Segment Start: GIVEN DATA

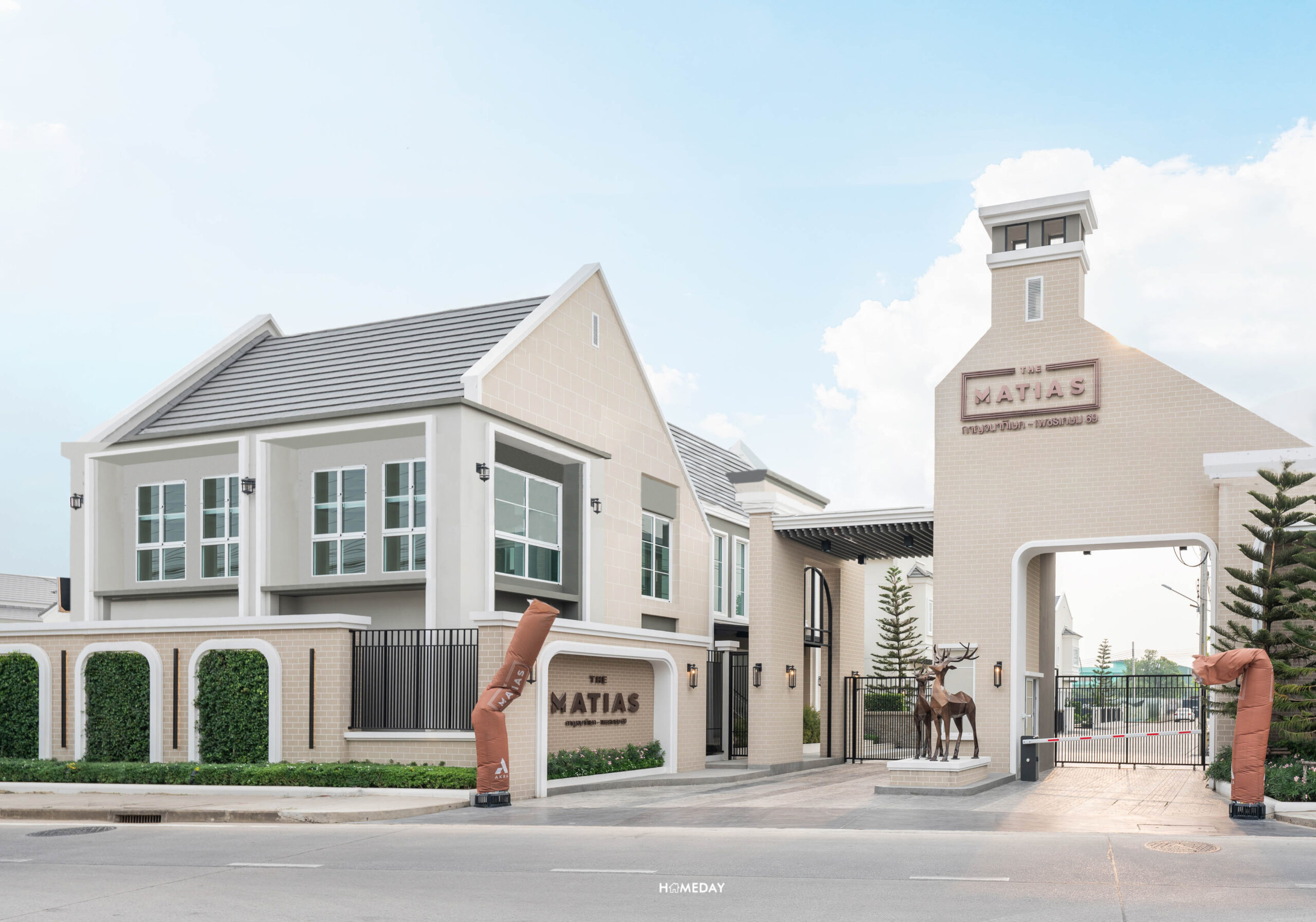 ซุ้มโครงการตกแต่งเป็นแบบ Dutch Colonial Style ตามสถาปัตยกรรมยุโรป สไตล์นี้จะโชว์หน้าจั่วทรงสูง บัวปูน ไม้ระแนง และผนังปูนเซาะร่องทำเป็นเหมือนอิฐบล็อก ให้ความรู้สึกเหมือนอยู่ยุโรป ตามสไตล์ Dutch Colonial ส่วนถนนเมนหน้าโครงการเป็นพื้น Stamp Concrete ช่วยทำให้ภาพรวมดู สะอาดตา สวยงาม ผสมผสานกับ Sculpture กวางเรนเดียร์ตัวผู้ สี Copper ตั้งตระหง่านตรงกลาง ให้ความรู้สึกถึงความสมบูรณ์แบบ สง่างาม และสะท้อนความเป็นตัวตนของผู้อยู่อาศัยไปด้วยครับ
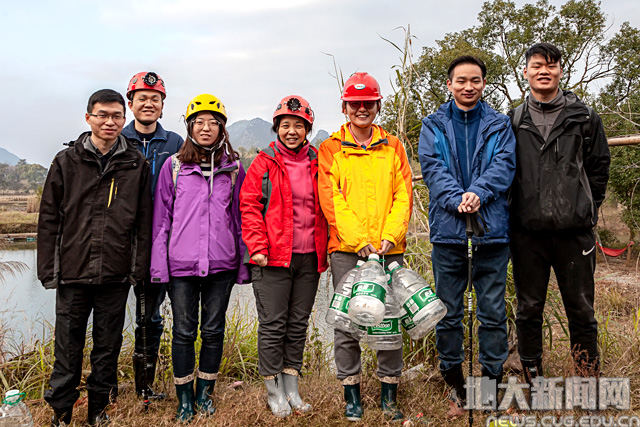 王红梅教授(右四)带领学生进行野外采样
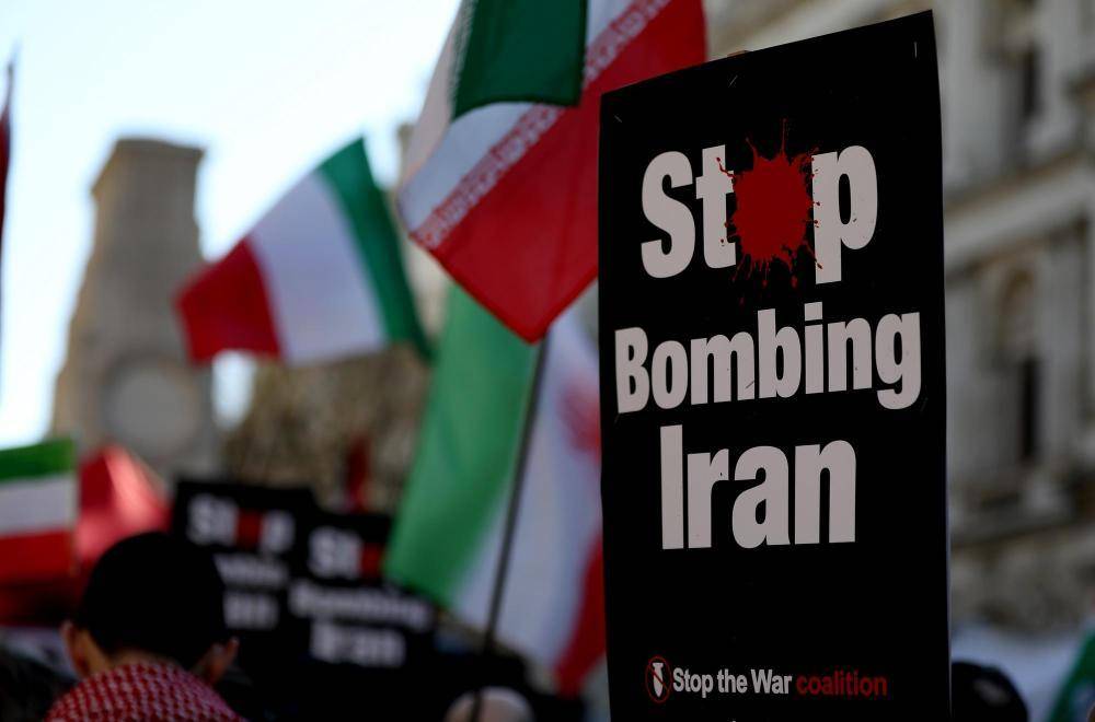 3月21日,人们正在英(ying)国伦敦(dun)参加集会(hui),抗(kang)议美(mei)国和以色列对伊朗动(dong)员军事(shi)袭击。新华社记者李颖摄
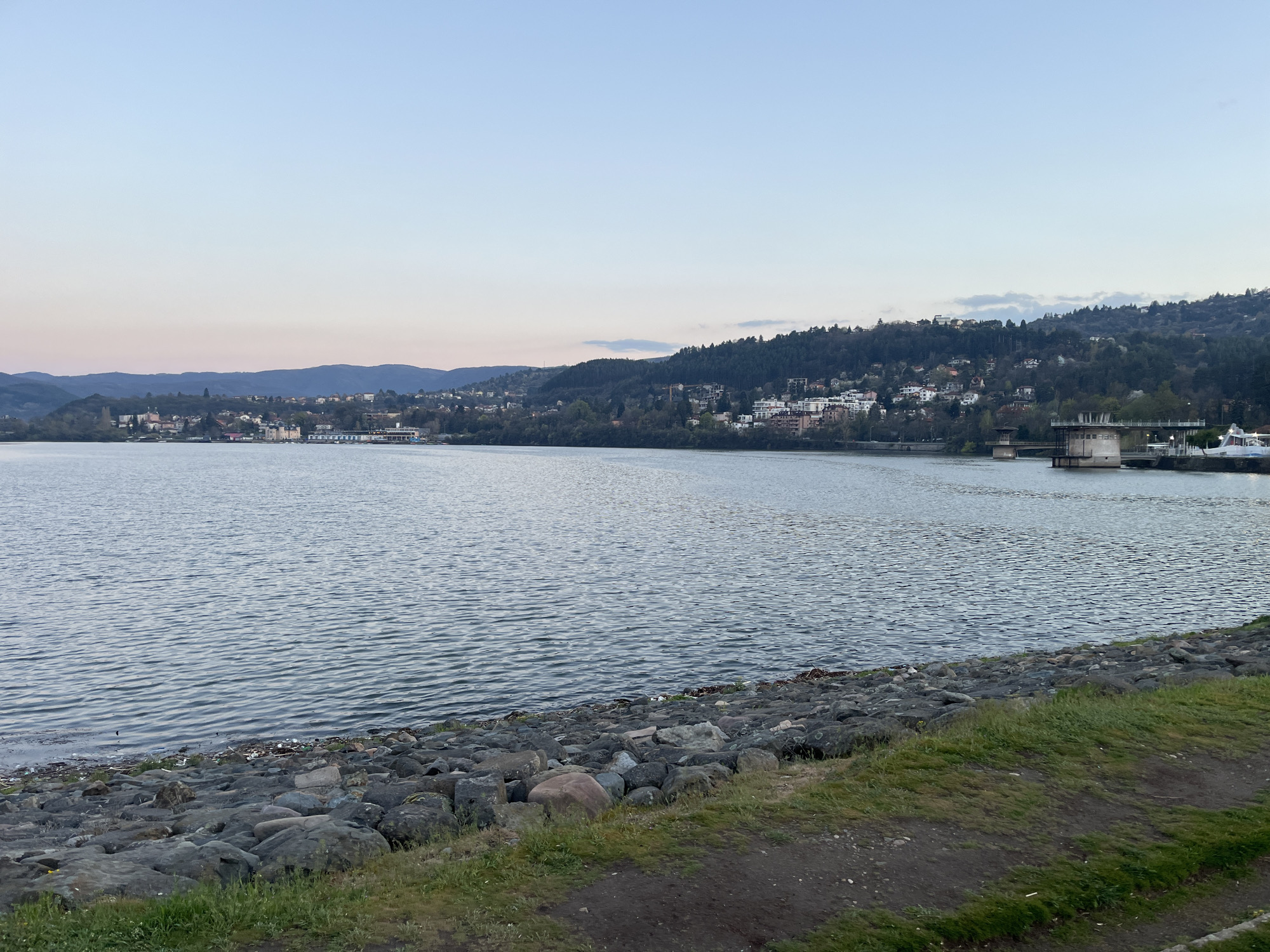The image depicts a wide expanse of water, likely a lake, with a shoreline in the foreground composed of large, dark rocks and grassy vegetation. Beyond the water, a landscape featuring a city or town stretches along the base of forested hills. Buildings, mostly white or light-colored, are visible amidst the trees, with a few taller structures standing out. To the right of the frame, there is a concrete structure extending into the water. The sky is pale blue, suggesting dawn or dusk. The lighting is soft and even, with no strong shadows. Based on the location mentioned, this image likely depicts a scene around German, Bulgaria, possibly featuring a view of a nearby lake or reservoir and the surrounding urban and natural landscape.

Segment End: GIVEN DATA

WHAT TO PRODUCE → Give the listing again word for word. Skip any pictures.

ANSWER →
 ซุ้มโครงการตกแต่งเป็นแบบ Dutch Colonial Style ตามสถาปัตยกรรมยุโรป สไตล์นี้จะโชว์หน้าจั่วทรงสูง บัวปูน ไม้ระแนง และผนังปูนเซาะร่องทำเป็นเหมือนอิฐบล็อก ให้ความรู้สึกเหมือนอยู่ยุโรป ตามสไตล์ Dutch Colonial ส่วนถนนเมนหน้าโครงการเป็นพื้น Stamp Concrete ช่วยทำให้ภาพรวมดู สะอาดตา สวยงาม ผสมผสานกับ Sculpture กวางเรนเดียร์ตัวผู้ สี Copper ตั้งตระหง่านตรงกลาง ให้ความรู้สึกถึงความสมบูรณ์แบบ สง่างาม และสะท้อนความเป็นตัวตนของผู้อยู่อาศัยไปด้วยครับ
 王红梅教授(右四)带领学生进行野外采样
 3月21日,人们正在英(ying)国伦敦(dun)参加集会(hui),抗(kang)议美(mei)国和以色列对伊朗动(dong)员军事(shi)袭击。新华社记者李颖摄
The image depicts a wide expanse of water, likely a lake, with a shoreline in the foreground composed of large, dark rocks and grassy vegetation. Beyond the water, a landscape featuring a city or town stretches along the base of forested hills. Buildings, mostly white or light-colored, are visible amidst the trees, with a few taller structures standing out. To the right of the frame, there is a concrete structure extending into the water. The sky is pale blue, suggesting dawn or dusk. The lighting is soft and even, with no strong shadows. Based on the location mentioned, this image likely depicts a scene around German, Bulgaria, possibly featuring a view of a nearby lake or reservoir and the surrounding urban and natural landscape.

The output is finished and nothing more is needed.